I don't think he headed off home. I think he was sent home.


----------



## Sunny (10 Dec 2013)

Dear God, it's like Groundhog day....


----------



## Purple (10 Dec 2013)

One said:


> I don't think he headed off home. I think he was sent home.




You should make that exact comment on another thread.
Oh, wait...


----------



## Sunny (10 Dec 2013)

Purple said:


> You should make that exact comment on another thread.
> Oh, wait...


 
I hadn't even seen that...It's worse than Groundhog day.

What we need is a Roy Keane forum where the issues can be discussed in great detail.


----------



## Purple (10 Dec 2013)

Sunny said:


> I hadn't even seen that...It's worse than Groundhog day.
> 
> What we need is a Roy Keane forum where the issues can be discussed in great detail.

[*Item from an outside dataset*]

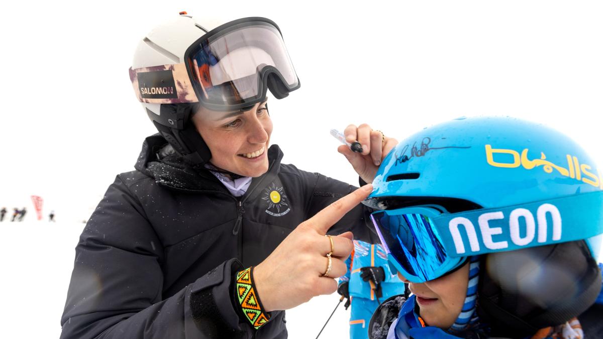 Marta Bassino, ambasciatrice di Fondazione Laureus Italia, insegna la sicurezza sugli sci ai bimbi
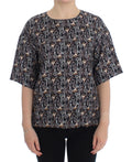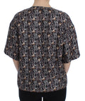 Gray Gold Key Print Silk Blouse T-shirt

Maybe when we have the forest animals issue sorted out the committee could be redirected!
It's a bit of a black hole but they'd only be passing through.


----------



## The_Banker (10 Dec 2013)

check out ITV4 tonight at 10 for more Roy Keane frenzy type programmes...


----------



## Leo (10 Dec 2013)

Sunny said:


> Dear God, it's like Groundhog day....



Indeed....closed.


----------